Records drawn from a dataset:
● ● ●
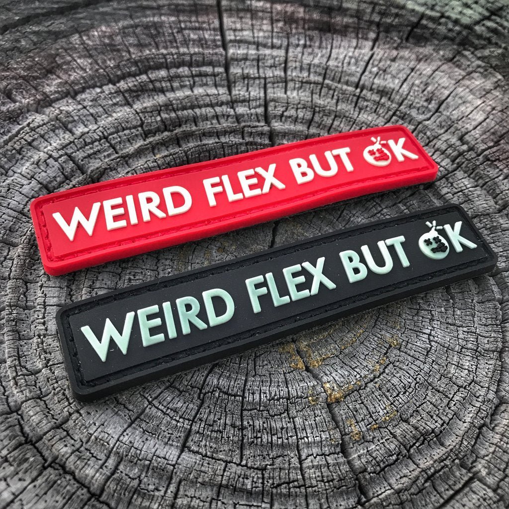 Whatever floats your boat. 'WEIRD FLEX BUT OK" PVC morale patch with Glow In The Dark font.
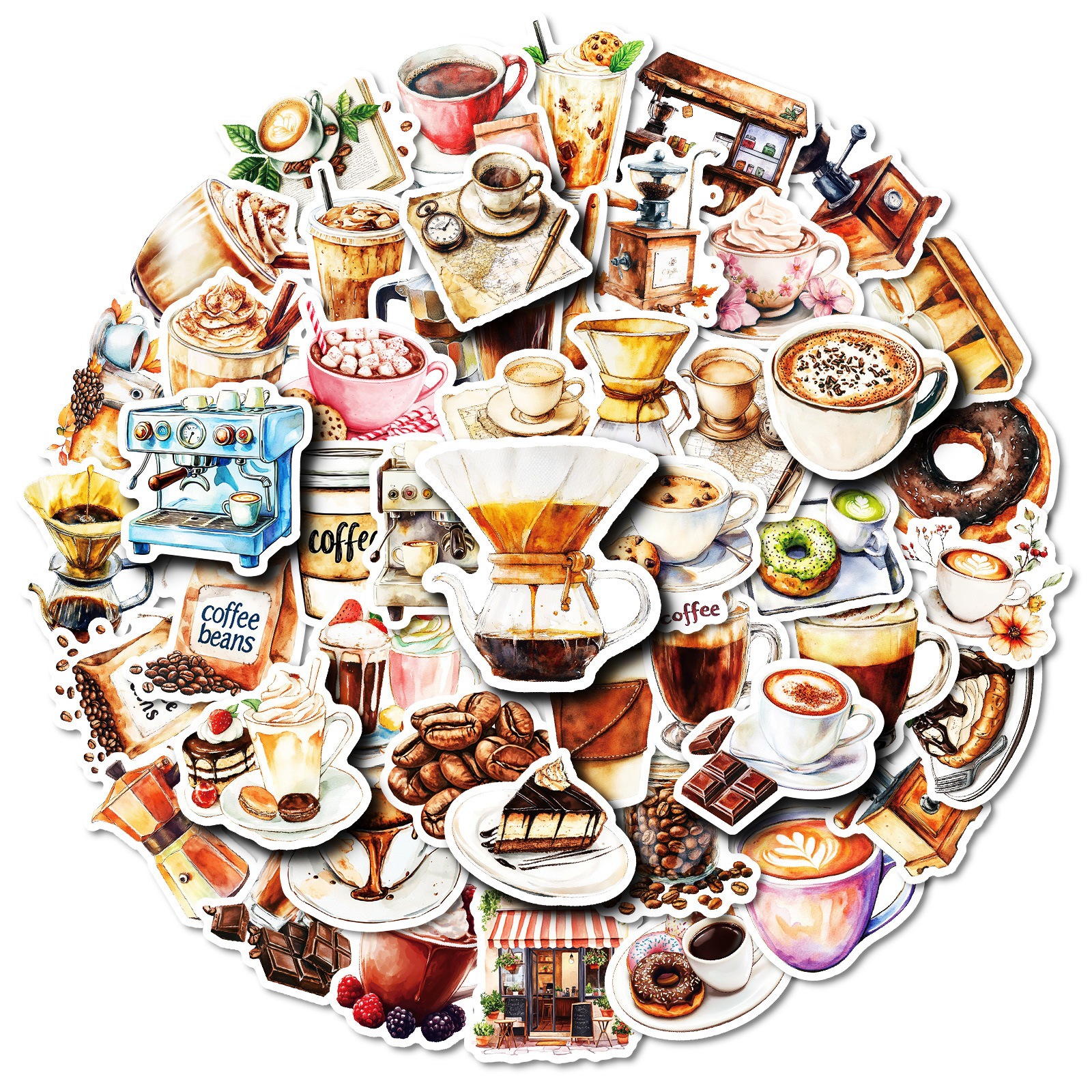 50枚のコーヒーテーマステッカー、Amazonクロスボーダーベストセラー、非繰り返しコーヒーステッカー、DIYクリエイティブハンドブック日記
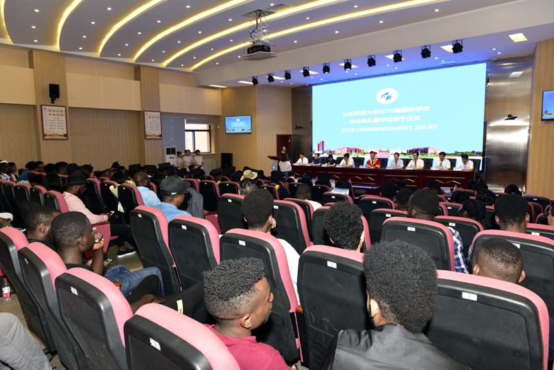 6月27日,山东科技大学举行2019届国际学生毕业典礼暨学位授予仪式。副校长孙鹤汀出席毕业典礼及学位授予仪式,教务处、研究生院、机电学院、电信学院、化工学院、交通学院、文法学院负责人,教师代表、在校生代表、全体毕业生、毕业生亲朋好友等150余人参加了典礼。典礼及仪式由国际交流合作处副处长范志坚主持。
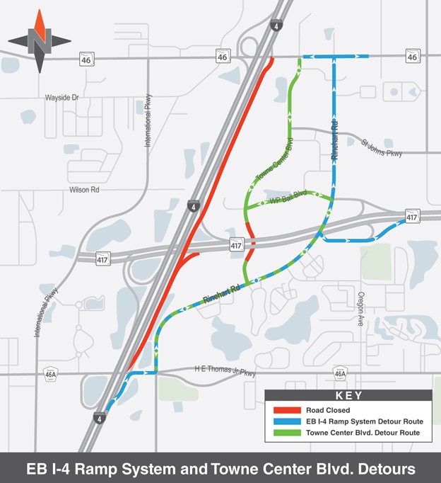 - Westbound I-4 to southbound S.R. 417 (8 p.m. – 6 a.m.): Use I-4 to County Road (C.R.) 46A to Rinehart Road
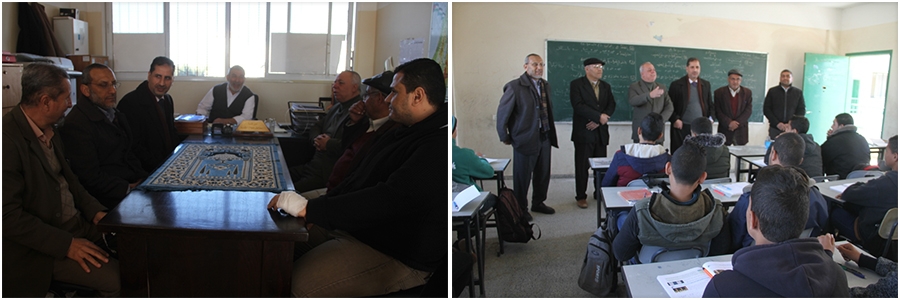 وكان في استقبال الوفد نائب المدير أ. محمد ابو الحسنى وطاقم الهيئة التدريسية حيث قام أ. ابو حصيرة بجولة على الفصول، تحدث فيها الى الطلاب واستمع اليهم وبث فيهم روح الجد والمثابرة والاجتهاد والطمأنينة.
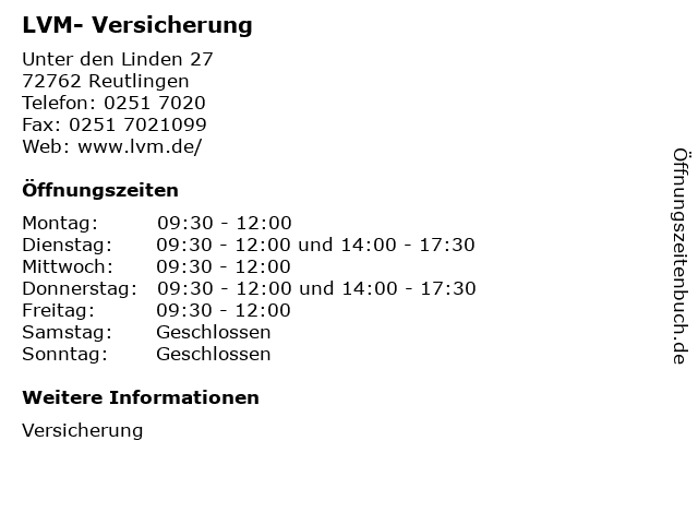 | Öffnungszeiten LVM- Versicherung in Reutlingen anzeigen | |
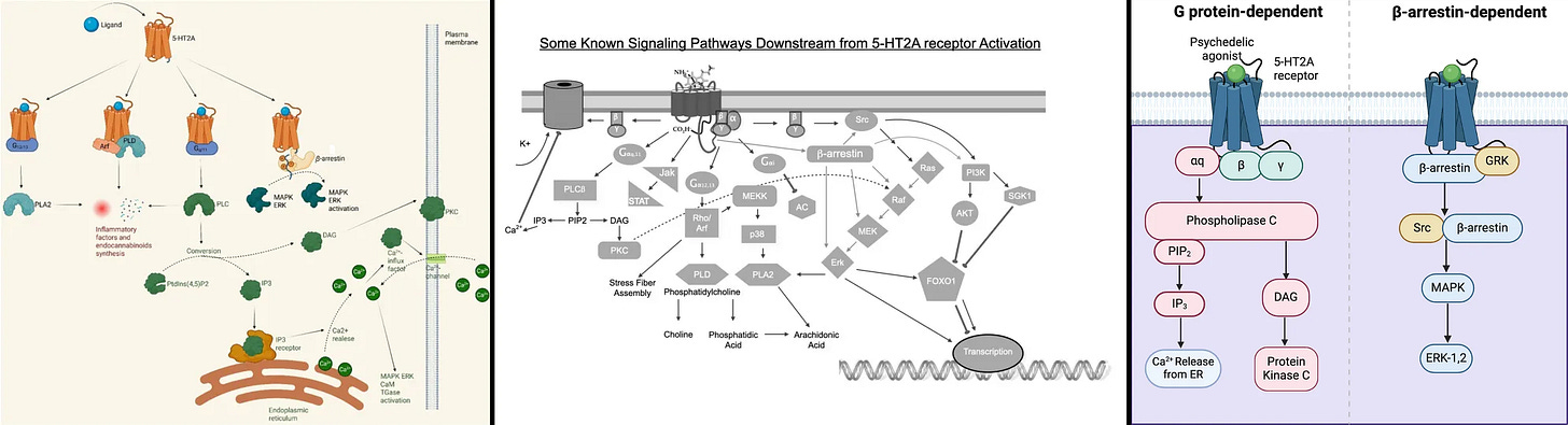 There hasn’t been any review article that put all the pathways (G-proteins and β-arrestin) together and helping understand which pathway actually does what, like contributing to hallucinations (HTR) or antidepressant effects/neuroplasticity.
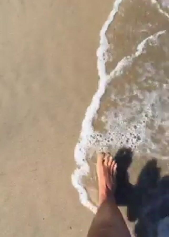 A person wearing a red dress with white floral patterns walks barefoot on a sandy beach into the ocean
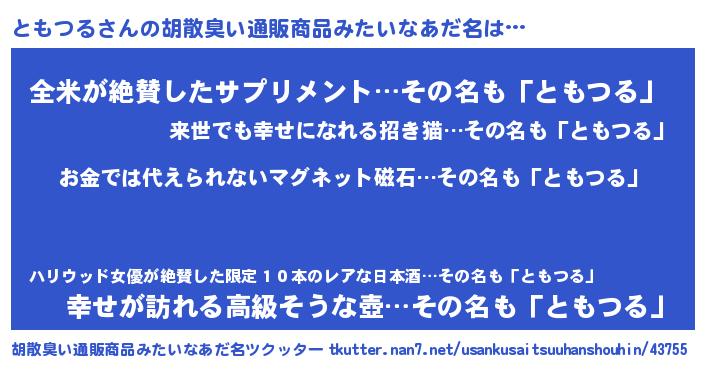 | ヒーロー風カッコイイあだ名 | 『友情の使者ともつる』『天弓騎士トモ』 |
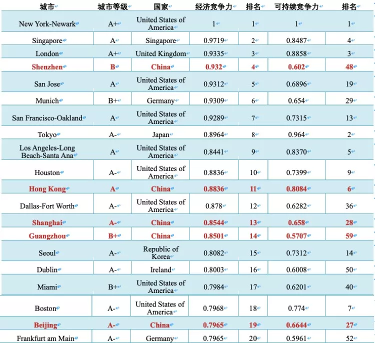 全球城市經(jīng)濟(jì)競爭力指數(shù)前二十強(qiáng)
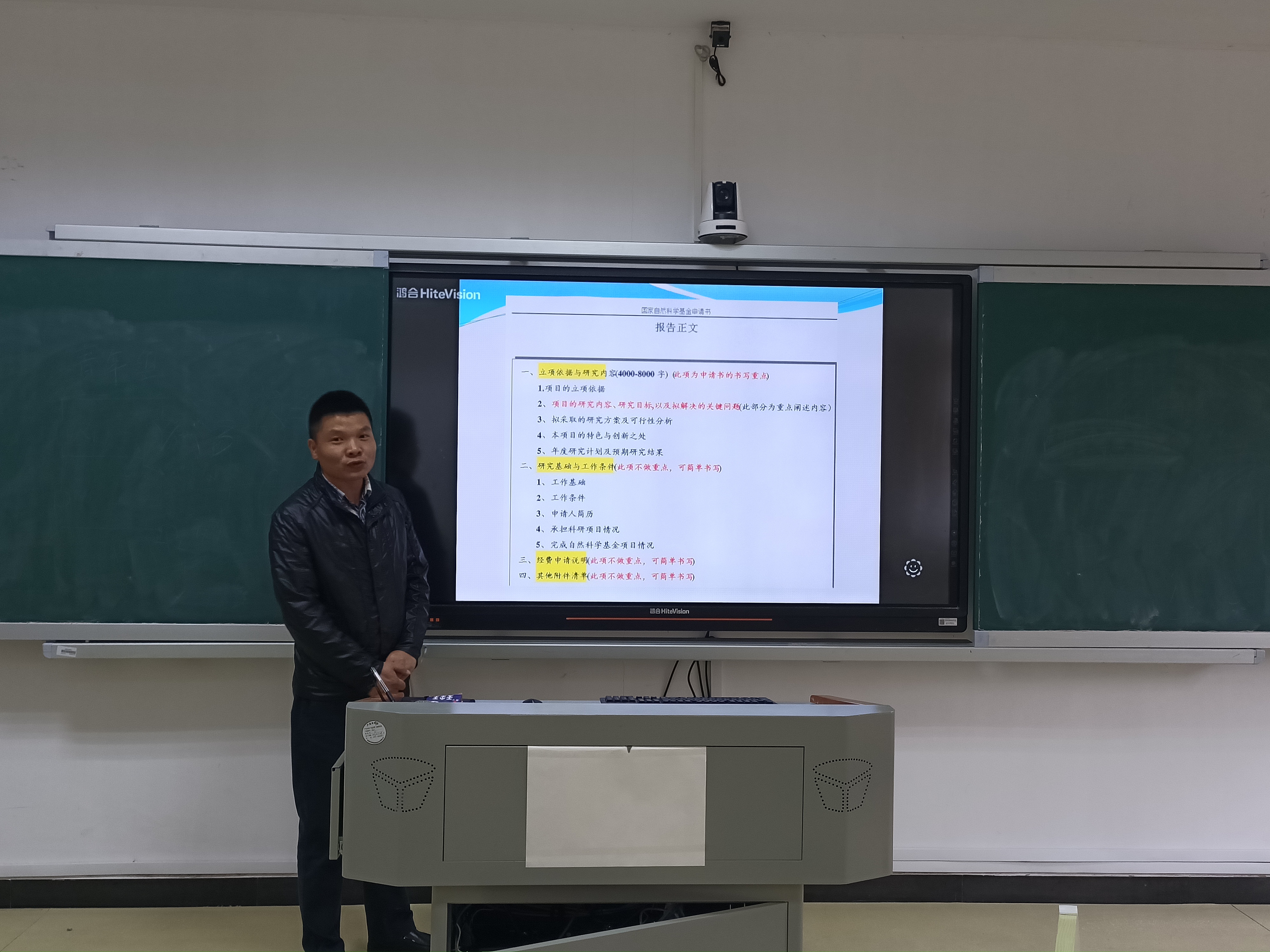 讲座开始,李院长介绍了研究主题,从科研计划书选题与撰写规范并对立项依据与研究内容,研究基础与工作条件,经费申请说明,其他附件清单四大方面做出了主要论述。
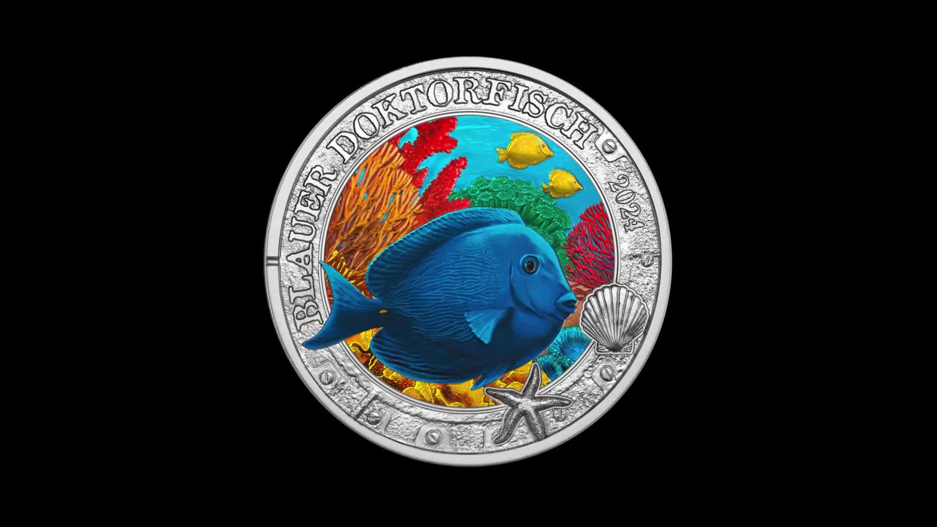 Die nächste Ausgabe von Österreichs UV-Leucht-Münzen widmet sich dem blauen Doktorfisch. Seinen Namen verdankt er den scharfen, skalpellartigen Stacheln am Schwanzansatz, die wie chirurgische Instrumente wirken und zur Verteidigung verwendet werden. Der blitzblaue Fisch ist für die Gesundheit von Korallenriffen von großer Bedeutung, da er Algen von Korallen und Felsen abweidet, die ansonsten das Wachstum des Riffs behindern würden. Als eifriger "Gärtner" trägt er so dazu bei, die Schönheit und Vielfalt des Meeres zu bewahren. Seine Aufnahme in diese Münz-Serie verdankt der blaue Doktorfisch seiner Eigenart, im jungen Alter unter speziellem Licht stark grünlich zu leuchten.
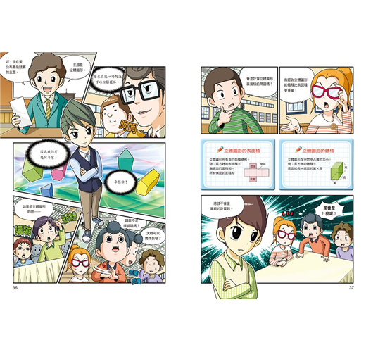 本書將國小、國中和高中的數學課本改成「知識漫畫」的形式,指的是利用趣味爆笑的故事情節和各式各樣的例子,以漫畫的方式來講述數學理論或概念的一種學習方法。數學教科書以解題或計算為主的內容,本書則轉換成了重視計算過程、創意性思考為主的內容。
● ● ●
__THE TASK__
Could you repeat exactly the lines from the first one of the records above through the line containing "讲座开始,李院长介绍了研究主", leaving out any pictures?

__RESPONSE TO THE TASK__
 Whatever floats your boat. 'WEIRD FLEX BUT OK" PVC morale patch with Glow In The Dark font.
 50枚のコーヒーテーマステッカー、Amazonクロスボーダーベストセラー、非繰り返しコーヒーステッカー、DIYクリエイティブハンドブック日記
 6月27日,山东科技大学举行2019届国际学生毕业典礼暨学位授予仪式。副校长孙鹤汀出席毕业典礼及学位授予仪式,教务处、研究生院、机电学院、电信学院、化工学院、交通学院、文法学院负责人,教师代表、在校生代表、全体毕业生、毕业生亲朋好友等150余人参加了典礼。典礼及仪式由国际交流合作处副处长范志坚主持。
 - Westbound I-4 to southbound S.R. 417 (8 p.m. – 6 a.m.): Use I-4 to County Road (C.R.) 46A to Rinehart Road
 وكان في استقبال الوفد نائب المدير أ. محمد ابو الحسنى وطاقم الهيئة التدريسية حيث قام أ. ابو حصيرة بجولة على الفصول، تحدث فيها الى الطلاب واستمع اليهم وبث فيهم روح الجد والمثابرة والاجتهاد والطمأنينة.
 | Öffnungszeiten LVM- Versicherung in Reutlingen anzeigen | |
 There hasn’t been any review article that put all the pathways (G-proteins and β-arrestin) together and helping understand which pathway actually does what, like contributing to hallucinations (HTR) or antidepressant effects/neuroplasticity.
 A person wearing a red dress with white floral patterns walks barefoot on a sandy beach into the ocean
 | ヒーロー風カッコイイあだ名 | 『友情の使者ともつる』『天弓騎士トモ』 |
 全球城市經(jīng)濟(jì)競爭力指數(shù)前二十強(qiáng)
 讲座开始,李院长介绍了研究主题,从科研计划书选题与撰写规范并对立项依据与研究内容,研究基础与工作条件,经费申请说明,其他附件清单四大方面做出了主要论述。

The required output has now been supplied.